If the Rio Tinto people are not standing at the front of the room holding a microphone, what will they do? Sit down — and not at the front of the room, where they are sure to command attention and where everyone must ultimately direct their remarks. There is no good reason not to sit in the same chairs that are comfortably accommodating the people with whom one is meeting. Again, this sounds like a minor adjustment, almost a point of etiquette, but I have seen this work wonders in classrooms deliberately designed so there is no front of the room, in corporate as well as academic settings. This way, anyone in the room can lead the conversation at any given time.

Now the room is starting to look like a face-to-face meeting — with everyone’s face at the same level and everyone seated at roughly the same distance from each other. Let’s not pretend for a moment that this will somehow put Rio Tinto on equal footing with the citizens in the room. Johnson and Mariuzza represent a multi-billion dollar global mining company with tremendous power and enormous reach in the Michigan legislature and beyond, to the highest levels of national government. In fact, Matt Johnson himself came out of Governor Jennifer Granholm’s administration to work for Rio Tinto as its local front man on the Kennecott project; Mariuzza also walked through a revolving door, out of government and into Rio Tinto. So there is a huge power disparity in the room — one that a simple conversation like this cannot bridge. But at least with these and other changes there might be a chance at conversation.

There are other steps the mining company can take if it is serious about developing these forums. Here are just a few:

Relinquish control. A credible, independent third party, someone who isn’t in Rio Tinto’s employ, should moderate and facilitate the conversation. Right now the flow of the conversation is controlled by the man with the microphone. A facilitator can help the whole group focus on issues, clarify what’s being said and ensure that people in the room are being heard.

Map the conversation. It looks as if right now there’s no way to capture what’s being said in the room and ensure that everybody agrees on what was said and that their point of view is being adequately represented. Video cameras record, but they also capture one point of view. Some sheets of white paper or a whiteboard would allow one person to track the conversation, and make it possible for anyone to stand up and edit, on the spot, what’s on them.

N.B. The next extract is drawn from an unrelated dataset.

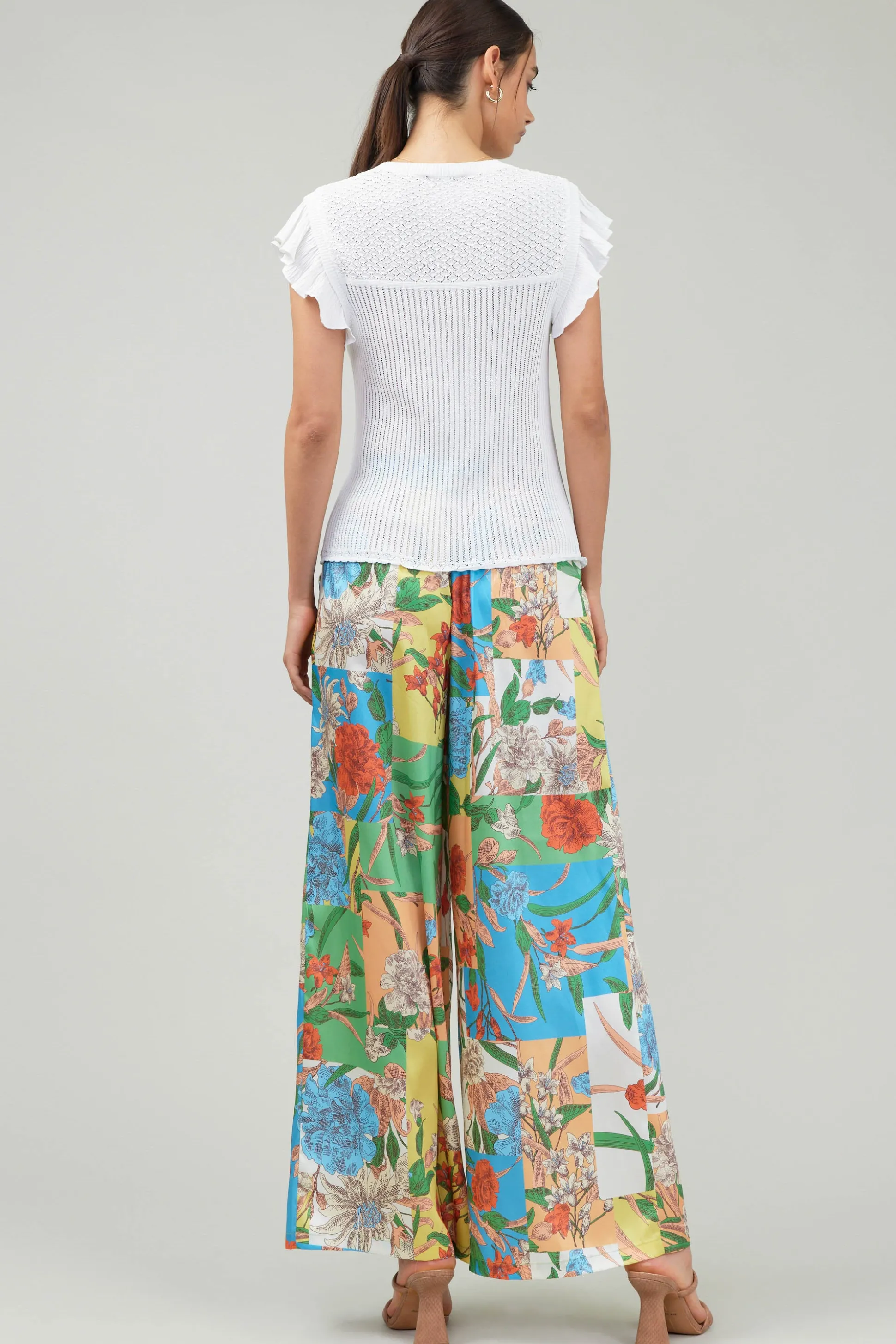 A lightweight sweater to take you from spring into summer. Knitted for a figure-hugging fit, this white crewneck style features a tonal mix of textures and woven ruffle sleeves.

No more dog and pony. The PowerPoint show should be left where it belongs — back at the corporate office. It is a way to control the narrative, discouraging conversation, other points of view and other stories. If diagrams or maps are required for the conversation, then anyone in the room should be able to control the slideshow — and anyone in the room should be able to introduce slides.

These Community Scorecard forums may ultimately succeed or continue to fail, but people living around the Eagle Mine don’t need microphones or PowerPoint slides or corporate sponsors to talk about what’s happening in their communities. Towns and townships in the Upper Peninsula and communities all around Lake Superior may not have the clout of Rio Tinto or any of the other mining companies, but they have each other — and there’s great power in that, or at least there can be, no matter how much wood Rio Tinto leaves or does not leave on the woodpile.